--- INFORMATION SUPPLIED ---

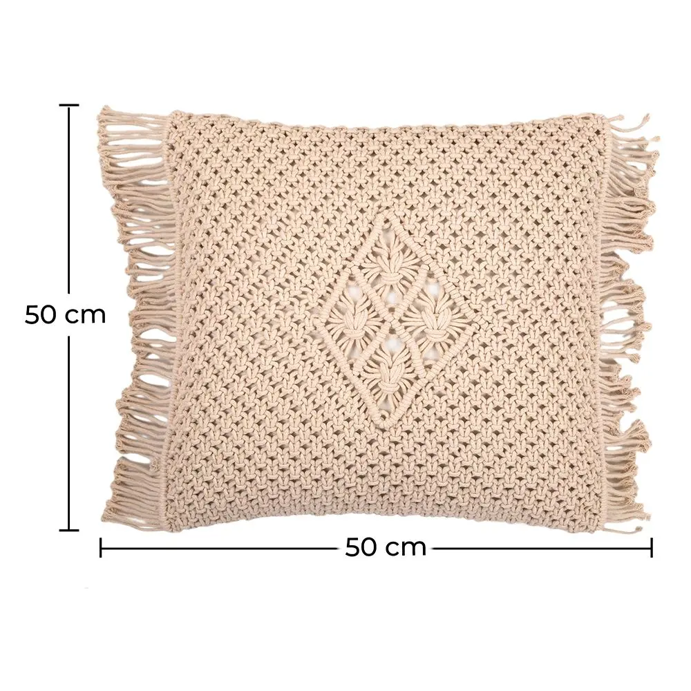 Meet Mecanda. A super-soft and comfortable pillow with a cosy texture, a fringe and poly fibre filling. This cotton cushion will turn your couch, sofa or armchair into a sanctuary. Filling included.
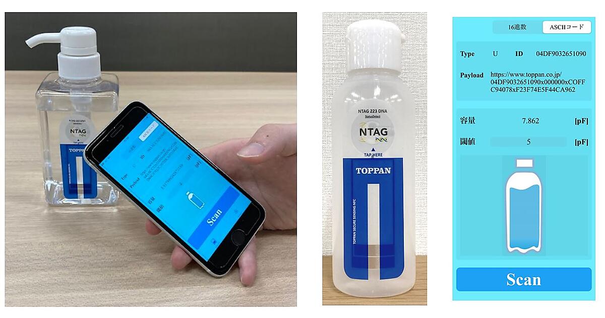 独自のアンテナ設計技術で、NFCタグラベルにNFCアンテナと容器内の液体を検知可能な回路を組み合わせた。専用装置は不要で容器表面に貼り付けたNFCタグラベルをNFCに対応したスマホで読み取り、容器内の静電容量から液体の有無や残量を検知する。ID情報を読み取り、演算による認証情報の取得で商品の真贋判定も可能。表示されたページにキャンペーン情報などのコンテンツを掲載できる。価格は1枚60円から(100万枚製造時)。
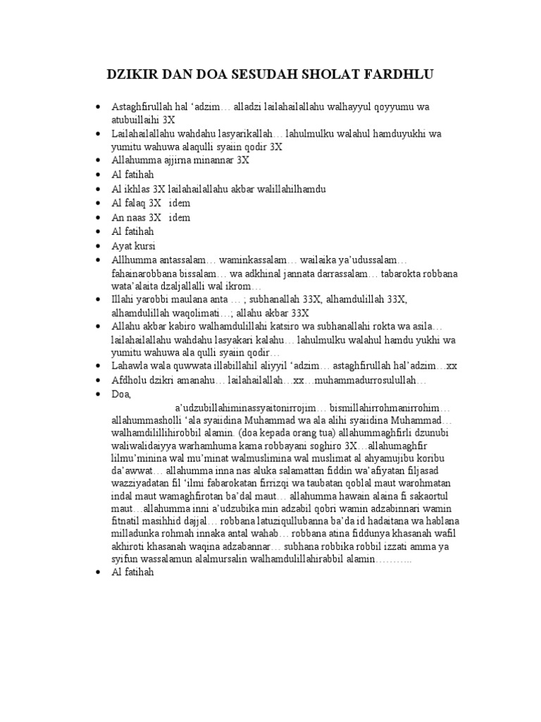 Dzikir Dan Doa Sesudah Sholat Fardhlu Doc
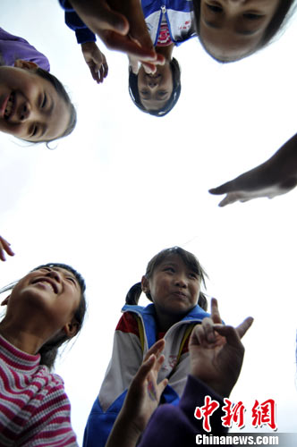 国庆长假期间,甘肃舟曲县城的孩子们快乐地做游戏。今年8月8日,舟曲遭遇特大山洪泥石流地质灾害,当地教育部门采取合校教学和异地就读的方式,让舟曲学生如期开学。中新社发 杨艳敏 摄
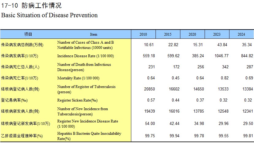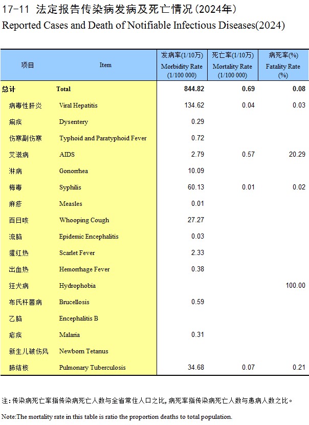 17-11 法定报告传染病发病及死亡情况(2024年)

---

#### WORK TO COMPLETE:
Your answer must be an exact copy of the records, without the pictures.

#### SOLVED EXERCISE:
 Meet Mecanda. A super-soft and comfortable pillow with a cosy texture, a fringe and poly fibre filling. This cotton cushion will turn your couch, sofa or armchair into a sanctuary. Filling included.
 独自のアンテナ設計技術で、NFCタグラベルにNFCアンテナと容器内の液体を検知可能な回路を組み合わせた。専用装置は不要で容器表面に貼り付けたNFCタグラベルをNFCに対応したスマホで読み取り、容器内の静電容量から液体の有無や残量を検知する。ID情報を読み取り、演算による認証情報の取得で商品の真贋判定も可能。表示されたページにキャンペーン情報などのコンテンツを掲載できる。価格は1枚60円から(100万枚製造時)。
 Dzikir Dan Doa Sesudah Sholat Fardhlu Doc
 国庆长假期间,甘肃舟曲县城的孩子们快乐地做游戏。今年8月8日,舟曲遭遇特大山洪泥石流地质灾害,当地教育部门采取合校教学和异地就读的方式,让舟曲学生如期开学。中新社发 杨艳敏 摄
 17-11 法定报告传染病发病及死亡情况(2024年)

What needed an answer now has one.